The failure of Congress–League cooperation, the experience of Congress provincial ministries, and growing anxieties among sections of the Muslim middle classes all fed into a narrative that Jinnah alone could “deliver”. The Muslim League was no longer a languishing elite club; it was on its way to becoming a mass political machine.

In that setting, the title “Quaid-e-Azam” was not just flattery. It was a political instrument, a rallying cry. Every time a crowd roared “Quaid-e-Azam Zindabad!”, it was not merely praising a man; it was endorsing a particular political project – one that would eventually culminate in the demand for Pakistan.

Titles like this are never neutral. “Mahatma” for Gandhi, “Netaji” for Subhas Bose, “Sardar” for Patel – each of these emerged from specific political battles, contexts and constituencies. “Quaid-e-Azam” belongs in that same gallery: a title minted in the heat of agitation, not handed out across communal lines as a gesture of personal affection.

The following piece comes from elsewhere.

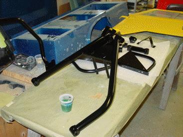 This image shows all the rear tire carrier parts brought back to rust free, white metal, hanging in our spray/bake booth. Before priming the parts are treated with a rust stop procedure, then coated in 3 coats of epoxy primer and 3 coats of PPG stain black. This gives a factory look, but with much better rust prevention than the factory pieces, and if they do rust they can be easily touched up, unlike powder coating, and unlike powder coating these parts will never "peel" again.

Busting the Myth, Keeping the Respect
None of this means that Gandhi and Jinnah never showed courtesy to each other. They did – sometimes through formality, sometimes through pointed politeness that thinly veiled deep disagreement. Gandhi addressing Jinnah as “Quaid-e-Azam” in 1944 is one such moment of careful respect in the midst of intense ideological war.

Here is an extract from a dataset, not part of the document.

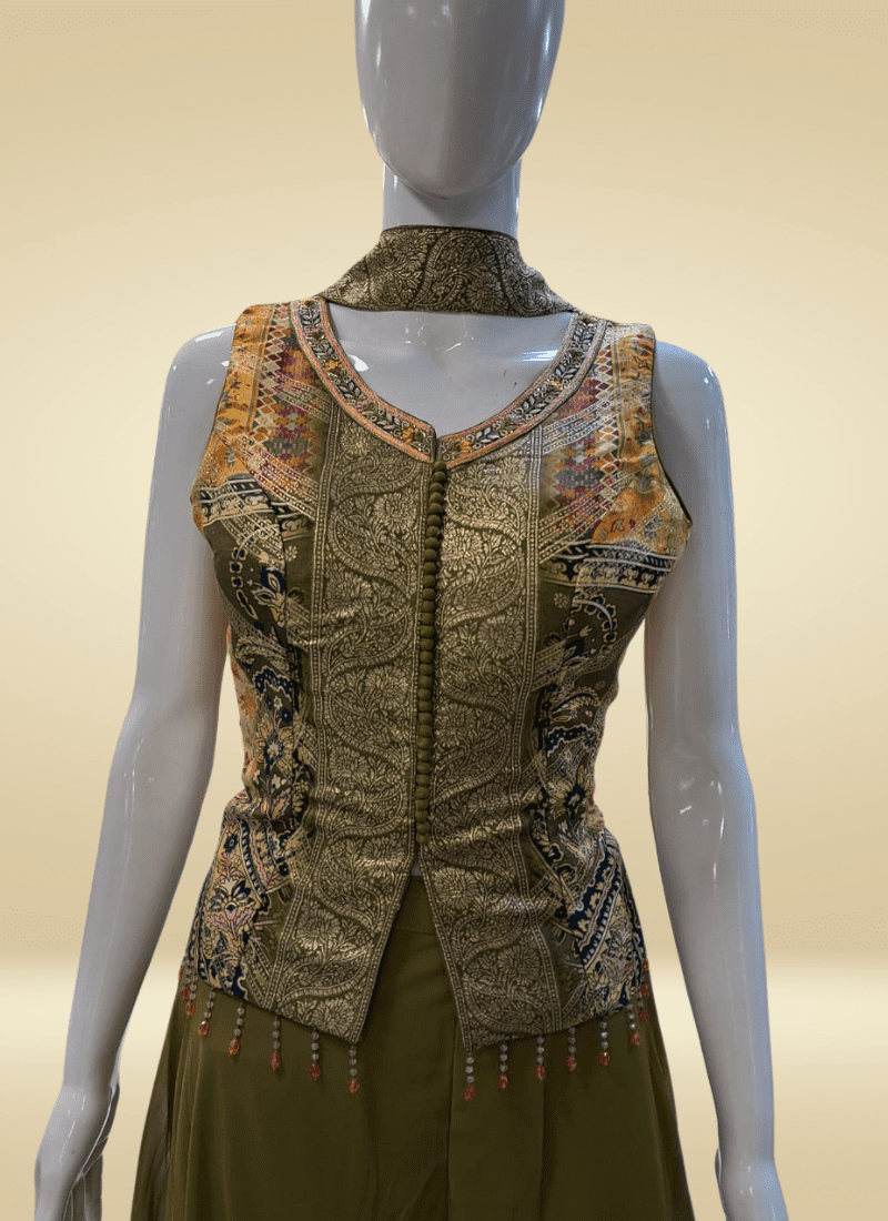Celebrate the spirit of bohemian ease with the Boho Olive Chic Crop Top Palazzo set, a fusion of laid-back charm and ethnic artistry. The crop top showcases a relaxed fit with soft, earthy olive tones enhanced by subtle boho-inspired prints or embroidery, evoking natural beauty and effortless grace.

But courtesy is not authorship.

To insist that Gandhi created the title is to bend facts to fit a sentimental narrative. The real story is sharper, more political – and, in many ways, far more revealing about the subcontinent’s fractured journey to independence and partition.

In an age where “history” is increasingly manufactured in meme factories and amplified by algorithms, this much should be non-negotiable: words matter, and so do the people who first uttered them.

“Quaid-e-Azam” was born not in Gandhi’s ashram, nor in a Tamil pun, but in the columns of a Delhi Urdu newspaper and on the stage of the Muslim League’s Patna session in December 1938. From there, it leapt into the slogans of the street and into the psyche of a community on the move.

That, not the WhatsApp fairy tale, is the story that deserves to be told.